Свои наблюдения Друкер описал в короткой энергичной статье, опубликованной журналом «Нейчур медисин»: пять тщательно продуманных и чисто проведенных экспериментов, подводящих к простому выводу. «Этот препарат может быть полезен в лечении Bcr-abl-положительных лейкозов», — утверждалось в статье. Первым автором статьи стоял Друкер, главным автором — Лайдон, а Бухдунгер и Циммерман упоминались соавторами.
Друкер ожидал, что его результаты приведут компанию «Сиба-Гейги» в экстаз: свершилась вековая мечта онкологии — получено лекарство, обладающее уникальной специфичностью к продукту онкогена в раковой клетке. Однако швейцарская компания находилась в процессе слияния с ее конкурентом, фармацевтическим гигантом «Сандоз». Новообразованная исполинская корпорация «Новартис» сочла уникальную специфичность препарата CGP57148 его главным, роковым недостатком. Дальнейшая разработка средства и доведение его до статуса клинического лекарства, рекомендованного для людей, требовали новых проверок — исследований на животных, клинических испытаний, которые обошлись бы компании в двести миллионов долларов. В США ХМЛ заболевает несколько тысяч человек ежегодно. Перспектива тратить сотни миллионов долларов ради нескольких тысяч человек «Новартис» не привлекала.
Друкер внезапно оказался в вывернутом наизнанку мире, где академический ученый вынужден умолять фармацевтическую компанию провести клинические испытания ее же собственного продукта.
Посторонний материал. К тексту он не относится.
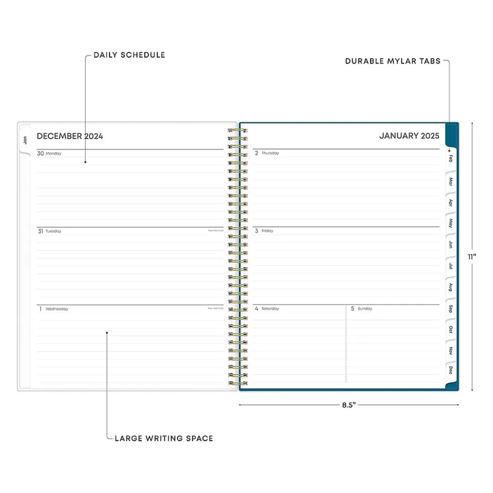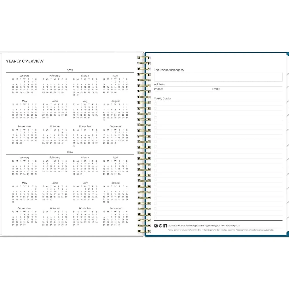 A simple planner for busy schedules. Organize tasks and time with the Bakah Blue weekly and monthly 2025 planner from Blue Sky that includes a storage pocket. Use weekly layouts, tabbed monthly views, and notes pages to effectively manage your schedule and achieve your goals.

У «Новартиса» нашлась уйма предсказуемых возражений: «Лекарство… не будет работать… окажется слишком токсичным… не принесет никаких денег». С 1995 по 1997 год Друкер постоянно летал из Бостона в Базель и обратно, стараясь убедить руководство компании продолжить клиническую разработку лекарства. «Либо поставьте (препарат) в клинические испытания, либо продайте мне лицензию», — настаивал он, считая, что если «Новартис» не захочет связываться с лекарством, то можно подыскать для этого другого химика. «В худшем случае я был готов попробовать сам», — вспоминает он.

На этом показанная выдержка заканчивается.